What needs to be done: Below are records with pictures in them. Transcribe everything from the line containing "劳力士 日志型 m126234-0027" down to the line containing "野垣 手さんの外格は15画の4点!", exactly, and leave the pictures behind.

Material shown:
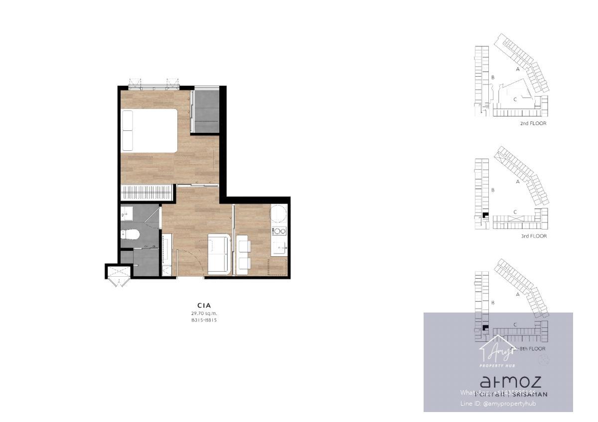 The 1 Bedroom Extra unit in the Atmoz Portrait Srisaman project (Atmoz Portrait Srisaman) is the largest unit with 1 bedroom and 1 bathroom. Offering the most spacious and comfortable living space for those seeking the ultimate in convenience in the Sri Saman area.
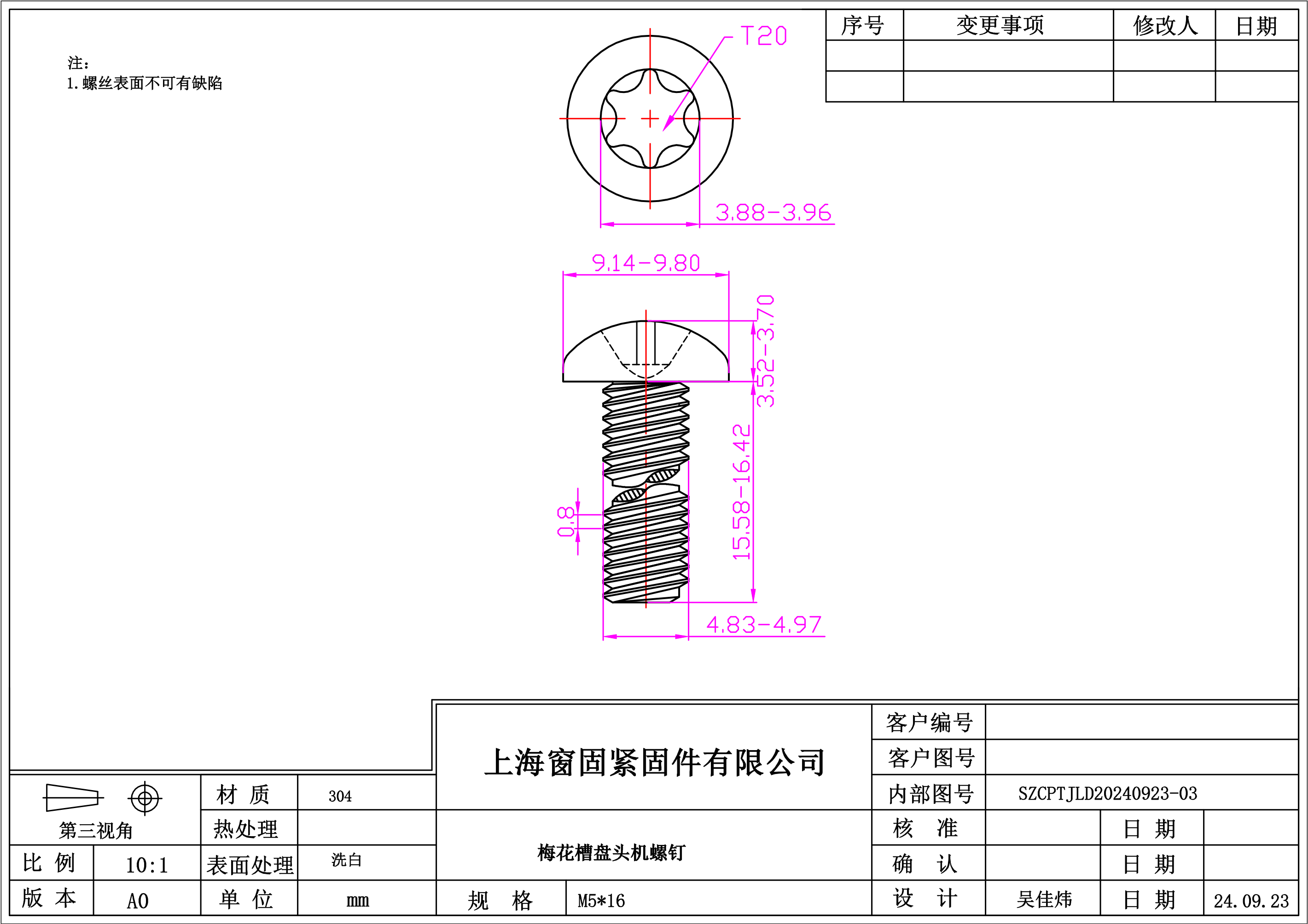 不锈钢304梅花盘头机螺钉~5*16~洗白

==

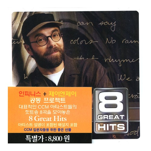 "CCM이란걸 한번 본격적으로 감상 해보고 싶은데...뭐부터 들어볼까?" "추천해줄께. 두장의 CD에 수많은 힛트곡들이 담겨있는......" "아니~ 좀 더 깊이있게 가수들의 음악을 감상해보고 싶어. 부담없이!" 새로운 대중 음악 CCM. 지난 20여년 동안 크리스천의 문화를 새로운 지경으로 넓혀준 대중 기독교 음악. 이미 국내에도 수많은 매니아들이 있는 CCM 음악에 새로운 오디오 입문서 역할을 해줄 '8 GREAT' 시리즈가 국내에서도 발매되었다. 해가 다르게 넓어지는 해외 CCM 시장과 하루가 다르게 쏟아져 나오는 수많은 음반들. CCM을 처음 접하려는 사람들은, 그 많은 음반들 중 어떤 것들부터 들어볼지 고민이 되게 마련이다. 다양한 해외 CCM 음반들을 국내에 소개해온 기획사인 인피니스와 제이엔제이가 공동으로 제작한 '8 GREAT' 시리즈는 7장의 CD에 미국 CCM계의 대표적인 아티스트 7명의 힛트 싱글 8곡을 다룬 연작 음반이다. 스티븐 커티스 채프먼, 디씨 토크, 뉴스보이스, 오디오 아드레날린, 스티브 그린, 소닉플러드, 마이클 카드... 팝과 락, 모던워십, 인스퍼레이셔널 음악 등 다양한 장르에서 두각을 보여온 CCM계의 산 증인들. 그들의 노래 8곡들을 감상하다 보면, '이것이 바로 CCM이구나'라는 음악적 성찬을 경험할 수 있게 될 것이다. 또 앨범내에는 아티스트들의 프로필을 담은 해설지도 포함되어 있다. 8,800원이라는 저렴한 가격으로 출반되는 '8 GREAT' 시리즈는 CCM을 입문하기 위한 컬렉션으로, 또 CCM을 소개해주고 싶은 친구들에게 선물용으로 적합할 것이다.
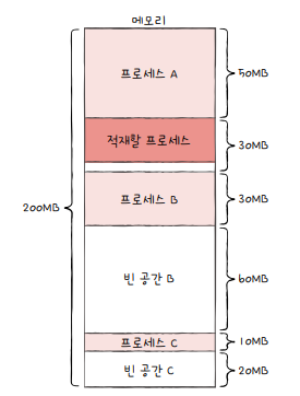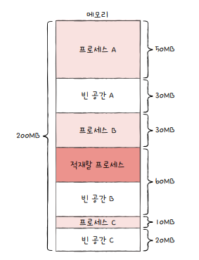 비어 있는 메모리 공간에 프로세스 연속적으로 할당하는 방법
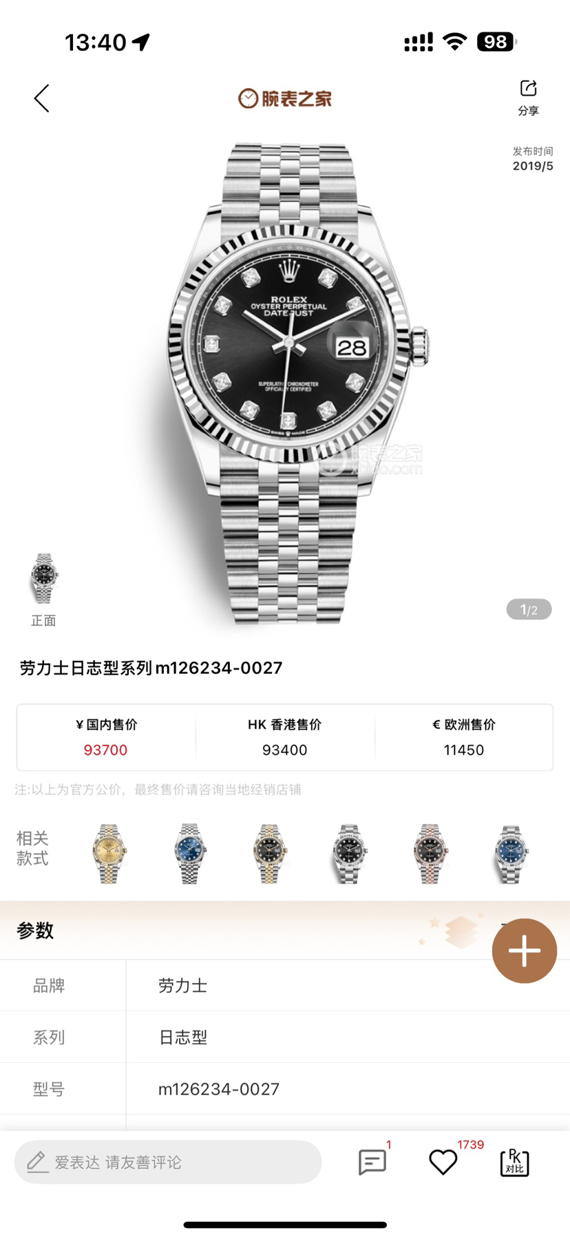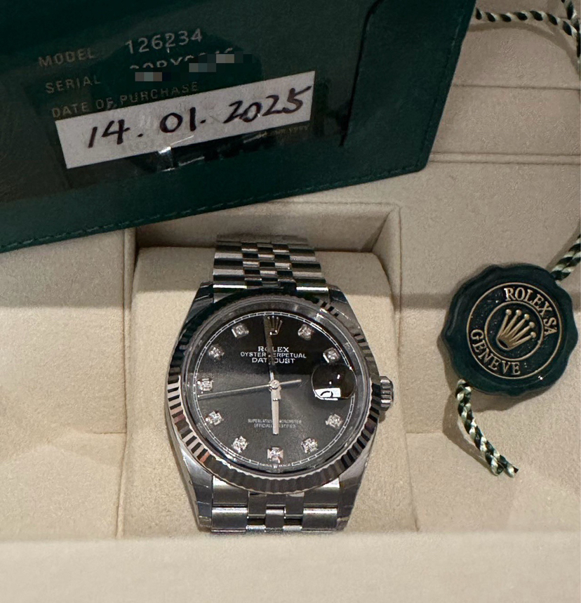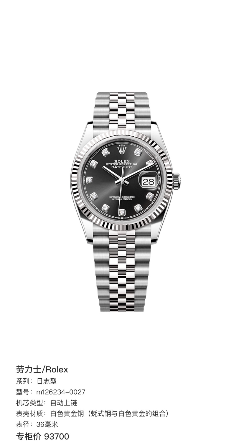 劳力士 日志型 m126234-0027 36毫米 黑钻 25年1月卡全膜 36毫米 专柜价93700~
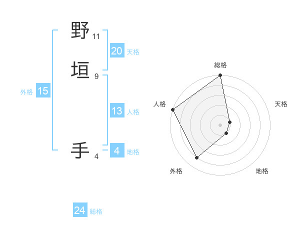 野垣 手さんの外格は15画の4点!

Answer to the exercise:
 劳力士 日志型 m126234-0027 36毫米 黑钻 25年1月卡全膜 36毫米 专柜价93700~
 野垣 手さんの外格は15画の4点!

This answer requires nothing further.